What to work on - Copy the lines below exactly. No picture goes into the copy.

Source material START

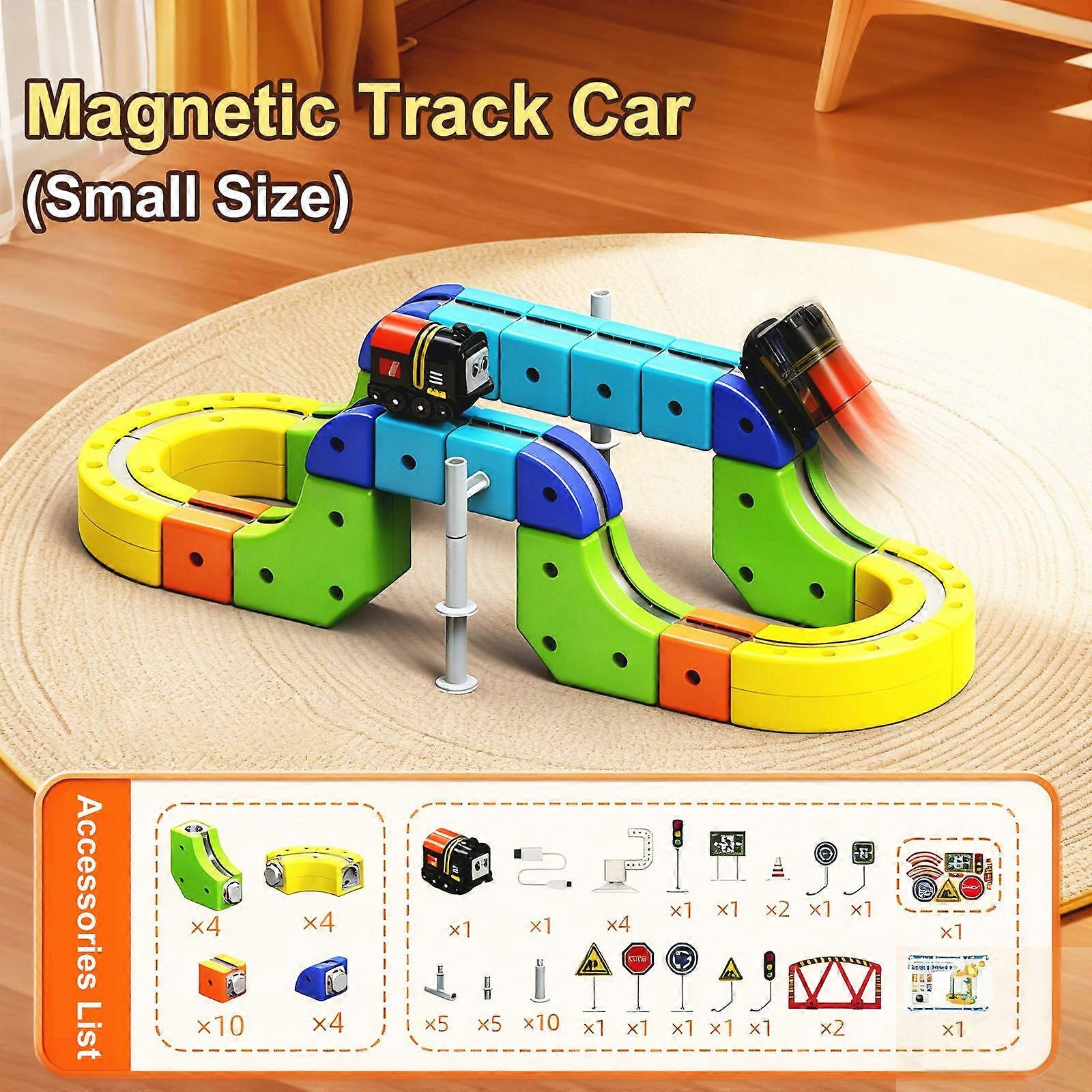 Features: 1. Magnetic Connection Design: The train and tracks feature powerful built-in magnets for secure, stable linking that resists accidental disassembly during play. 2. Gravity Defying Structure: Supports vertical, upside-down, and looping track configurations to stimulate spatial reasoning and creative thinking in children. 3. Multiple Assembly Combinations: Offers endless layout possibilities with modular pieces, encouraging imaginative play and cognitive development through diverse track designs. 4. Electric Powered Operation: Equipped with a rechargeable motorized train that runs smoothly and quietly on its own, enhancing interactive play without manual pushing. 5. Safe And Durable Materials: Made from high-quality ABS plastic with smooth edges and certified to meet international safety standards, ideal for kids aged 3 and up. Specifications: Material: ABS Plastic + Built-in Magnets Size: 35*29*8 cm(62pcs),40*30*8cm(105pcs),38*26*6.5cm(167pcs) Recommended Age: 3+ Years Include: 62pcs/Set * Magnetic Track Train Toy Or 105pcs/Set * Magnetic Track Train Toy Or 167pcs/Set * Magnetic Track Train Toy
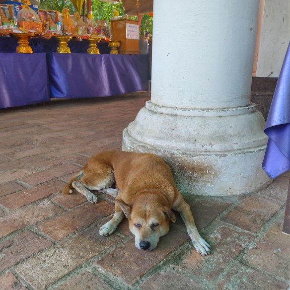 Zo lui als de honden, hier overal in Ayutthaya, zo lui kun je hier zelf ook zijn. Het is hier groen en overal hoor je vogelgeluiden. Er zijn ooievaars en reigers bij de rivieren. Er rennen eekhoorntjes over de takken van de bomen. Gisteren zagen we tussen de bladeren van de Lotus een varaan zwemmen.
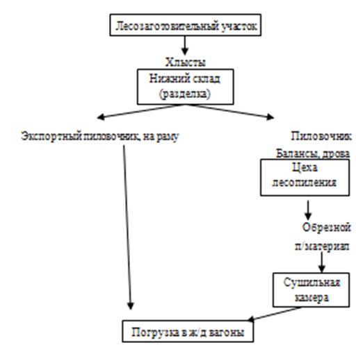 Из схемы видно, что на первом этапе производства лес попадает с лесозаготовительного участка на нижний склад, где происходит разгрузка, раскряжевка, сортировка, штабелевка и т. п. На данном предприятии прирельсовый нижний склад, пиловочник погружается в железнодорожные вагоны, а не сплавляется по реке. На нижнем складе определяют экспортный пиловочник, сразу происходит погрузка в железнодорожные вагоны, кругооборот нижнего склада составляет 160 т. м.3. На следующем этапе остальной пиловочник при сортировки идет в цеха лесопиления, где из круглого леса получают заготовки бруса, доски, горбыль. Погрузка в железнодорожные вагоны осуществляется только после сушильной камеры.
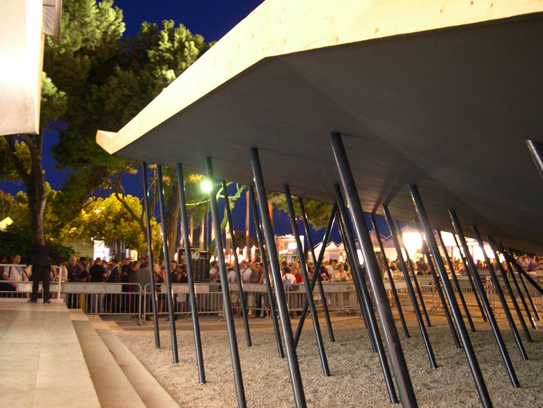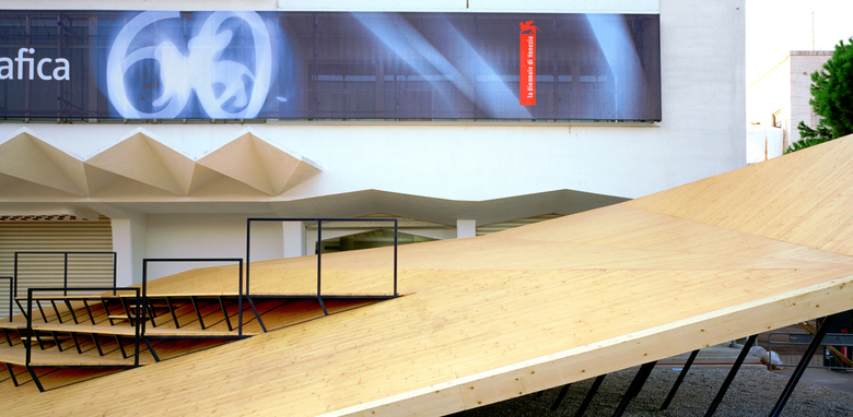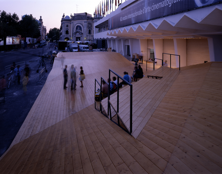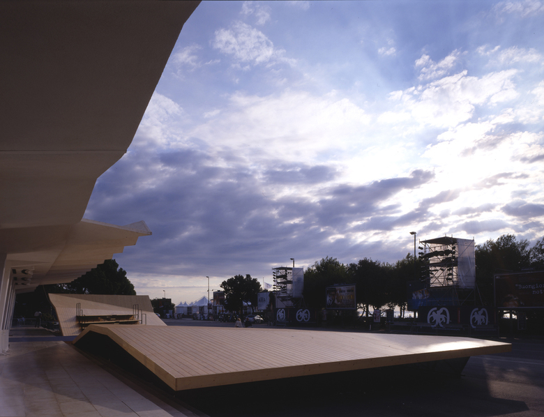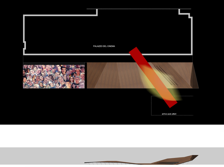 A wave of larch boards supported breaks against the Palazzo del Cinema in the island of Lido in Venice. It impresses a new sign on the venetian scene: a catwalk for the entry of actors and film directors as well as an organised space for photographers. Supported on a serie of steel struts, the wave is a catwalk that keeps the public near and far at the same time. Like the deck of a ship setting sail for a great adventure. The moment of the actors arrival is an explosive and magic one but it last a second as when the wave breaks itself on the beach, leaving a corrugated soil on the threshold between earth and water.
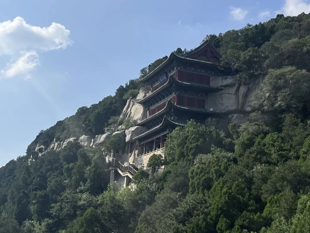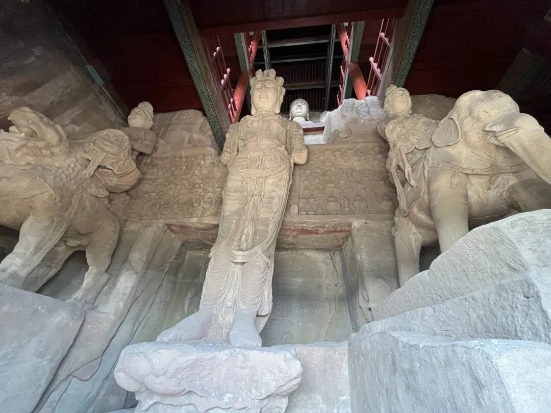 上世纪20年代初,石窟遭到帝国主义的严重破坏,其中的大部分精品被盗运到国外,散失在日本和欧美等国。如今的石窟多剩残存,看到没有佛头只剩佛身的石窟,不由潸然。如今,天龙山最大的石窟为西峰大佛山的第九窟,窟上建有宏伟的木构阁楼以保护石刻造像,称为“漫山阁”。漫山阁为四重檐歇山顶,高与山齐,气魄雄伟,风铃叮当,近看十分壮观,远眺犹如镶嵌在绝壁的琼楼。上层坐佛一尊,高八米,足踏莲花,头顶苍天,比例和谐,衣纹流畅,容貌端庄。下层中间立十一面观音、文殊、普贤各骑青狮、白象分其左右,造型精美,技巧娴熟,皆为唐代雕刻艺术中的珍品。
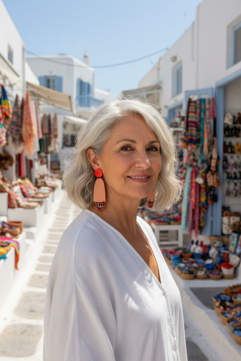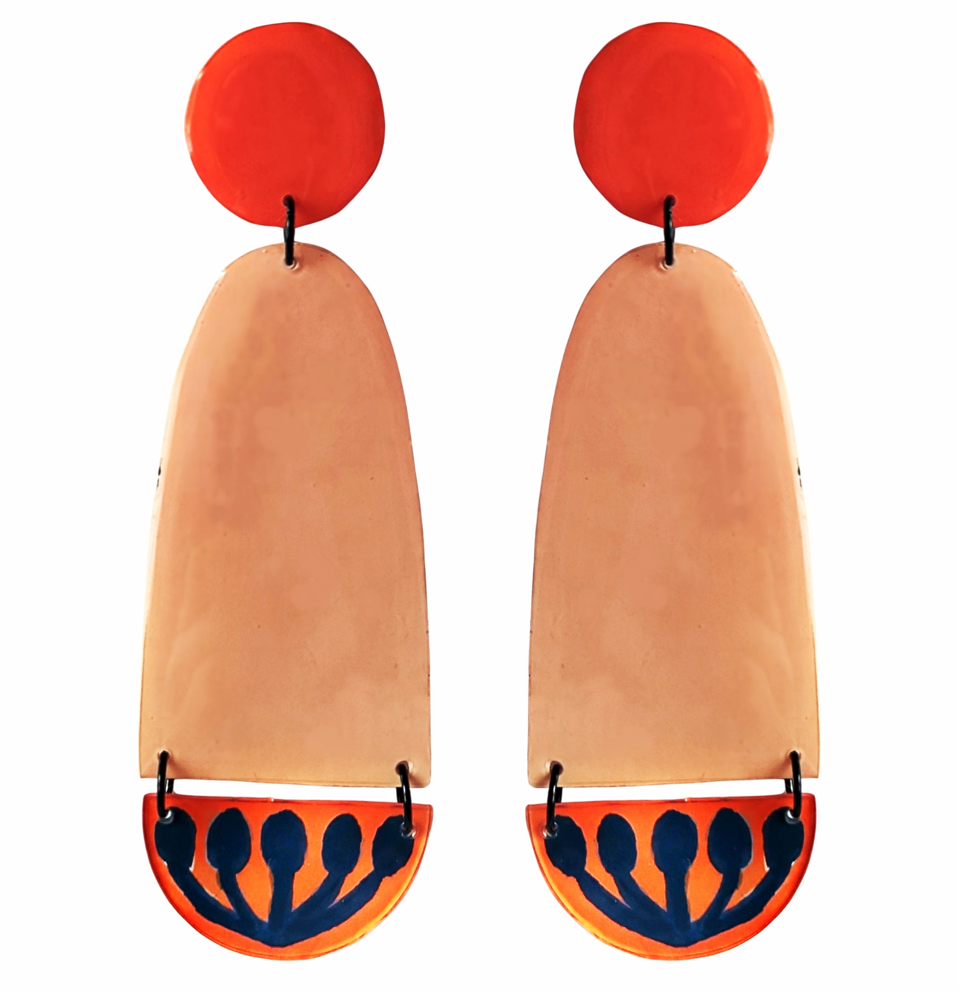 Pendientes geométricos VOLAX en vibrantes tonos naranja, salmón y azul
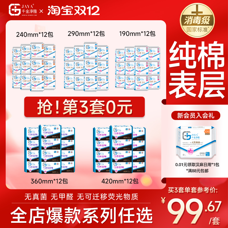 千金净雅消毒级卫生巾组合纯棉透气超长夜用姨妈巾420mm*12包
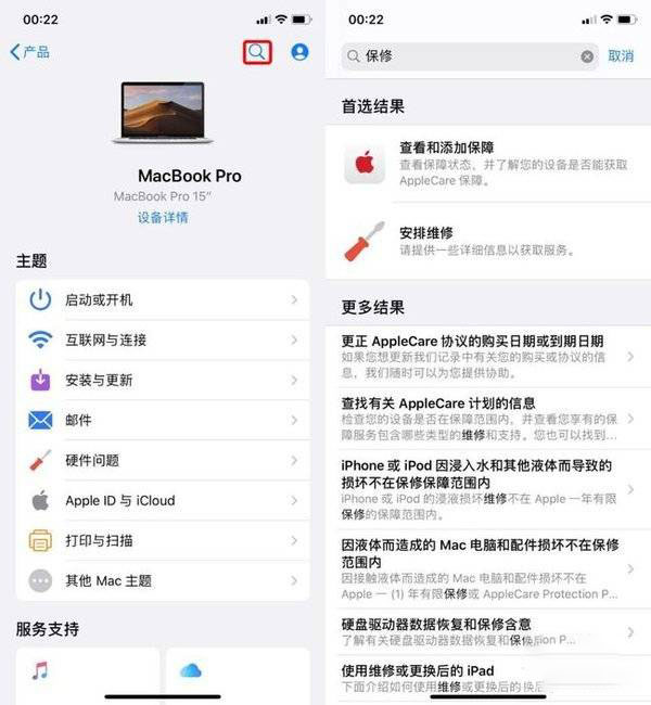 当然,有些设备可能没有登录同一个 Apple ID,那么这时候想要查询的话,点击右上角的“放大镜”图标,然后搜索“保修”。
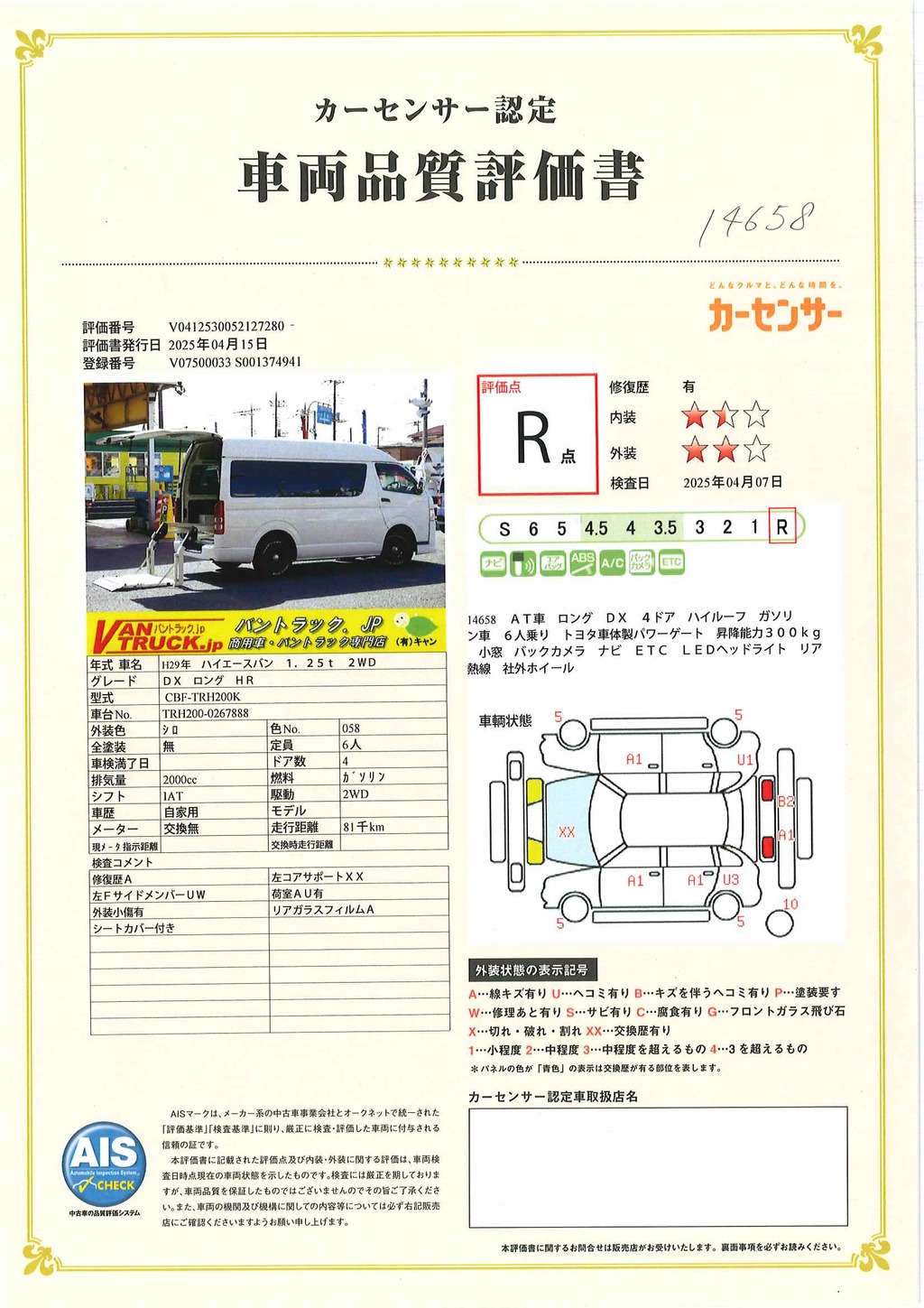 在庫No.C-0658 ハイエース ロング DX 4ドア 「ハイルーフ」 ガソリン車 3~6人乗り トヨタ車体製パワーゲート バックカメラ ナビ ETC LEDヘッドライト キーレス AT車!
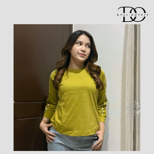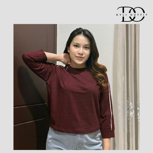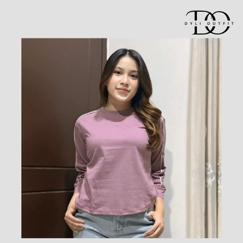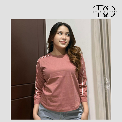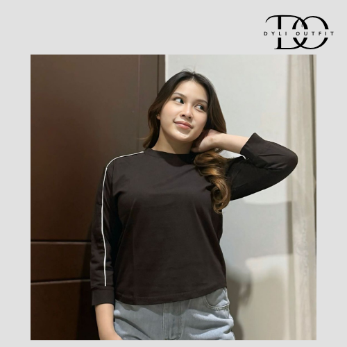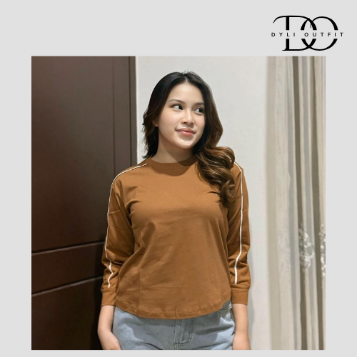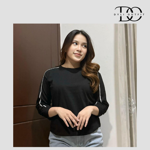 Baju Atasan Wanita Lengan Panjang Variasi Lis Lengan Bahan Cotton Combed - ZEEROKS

Source material END

Output -
 Features: 1. Magnetic Connection Design: The train and tracks feature powerful built-in magnets for secure, stable linking that resists accidental disassembly during play. 2. Gravity Defying Structure: Supports vertical, upside-down, and looping track configurations to stimulate spatial reasoning and creative thinking in children. 3. Multiple Assembly Combinations: Offers endless layout possibilities with modular pieces, encouraging imaginative play and cognitive development through diverse track designs. 4. Electric Powered Operation: Equipped with a rechargeable motorized train that runs smoothly and quietly on its own, enhancing interactive play without manual pushing. 5. Safe And Durable Materials: Made from high-quality ABS plastic with smooth edges and certified to meet international safety standards, ideal for kids aged 3 and up. Specifications: Material: ABS Plastic + Built-in Magnets Size: 35*29*8 cm(62pcs),40*30*8cm(105pcs),38*26*6.5cm(167pcs) Recommended Age: 3+ Years Include: 62pcs/Set * Magnetic Track Train Toy Or 105pcs/Set * Magnetic Track Train Toy Or 167pcs/Set * Magnetic Track Train Toy
 Zo lui als de honden, hier overal in Ayutthaya, zo lui kun je hier zelf ook zijn. Het is hier groen en overal hoor je vogelgeluiden. Er zijn ooievaars en reigers bij de rivieren. Er rennen eekhoorntjes over de takken van de bomen. Gisteren zagen we tussen de bladeren van de Lotus een varaan zwemmen.
 Из схемы видно, что на первом этапе производства лес попадает с лесозаготовительного участка на нижний склад, где происходит разгрузка, раскряжевка, сортировка, штабелевка и т. п. На данном предприятии прирельсовый нижний склад, пиловочник погружается в железнодорожные вагоны, а не сплавляется по реке. На нижнем складе определяют экспортный пиловочник, сразу происходит погрузка в железнодорожные вагоны, кругооборот нижнего склада составляет 160 т. м.3. На следующем этапе остальной пиловочник при сортировки идет в цеха лесопиления, где из круглого леса получают заготовки бруса, доски, горбыль. Погрузка в железнодорожные вагоны осуществляется только после сушильной камеры.
 A wave of larch boards supported breaks against the Palazzo del Cinema in the island of Lido in Venice. It impresses a new sign on the venetian scene: a catwalk for the entry of actors and film directors as well as an organised space for photographers. Supported on a serie of steel struts, the wave is a catwalk that keeps the public near and far at the same time. Like the deck of a ship setting sail for a great adventure. The moment of the actors arrival is an explosive and magic one but it last a second as when the wave breaks itself on the beach, leaving a corrugated soil on the threshold between earth and water.
 上世纪20年代初,石窟遭到帝国主义的严重破坏,其中的大部分精品被盗运到国外,散失在日本和欧美等国。如今的石窟多剩残存,看到没有佛头只剩佛身的石窟,不由潸然。如今,天龙山最大的石窟为西峰大佛山的第九窟,窟上建有宏伟的木构阁楼以保护石刻造像,称为“漫山阁”。漫山阁为四重檐歇山顶,高与山齐,气魄雄伟,风铃叮当,近看十分壮观,远眺犹如镶嵌在绝壁的琼楼。上层坐佛一尊,高八米,足踏莲花,头顶苍天,比例和谐,衣纹流畅,容貌端庄。下层中间立十一面观音、文殊、普贤各骑青狮、白象分其左右,造型精美,技巧娴熟,皆为唐代雕刻艺术中的珍品。
 Pendientes geométricos VOLAX en vibrantes tonos naranja, salmón y azul
 千金净雅消毒级卫生巾组合纯棉透气超长夜用姨妈巾420mm*12包
 当然,有些设备可能没有登录同一个 Apple ID,那么这时候想要查询的话,点击右上角的“放大镜”图标,然后搜索“保修”。
 在庫No.C-0658 ハイエース ロング DX 4ドア 「ハイルーフ」 ガソリン車 3~6人乗り トヨタ車体製パワーゲート バックカメラ ナビ ETC LEDヘッドライト キーレス AT車!
 Baju Atasan Wanita Lengan Panjang Variasi Lis Lengan Bahan Cotton Combed - ZEEROKS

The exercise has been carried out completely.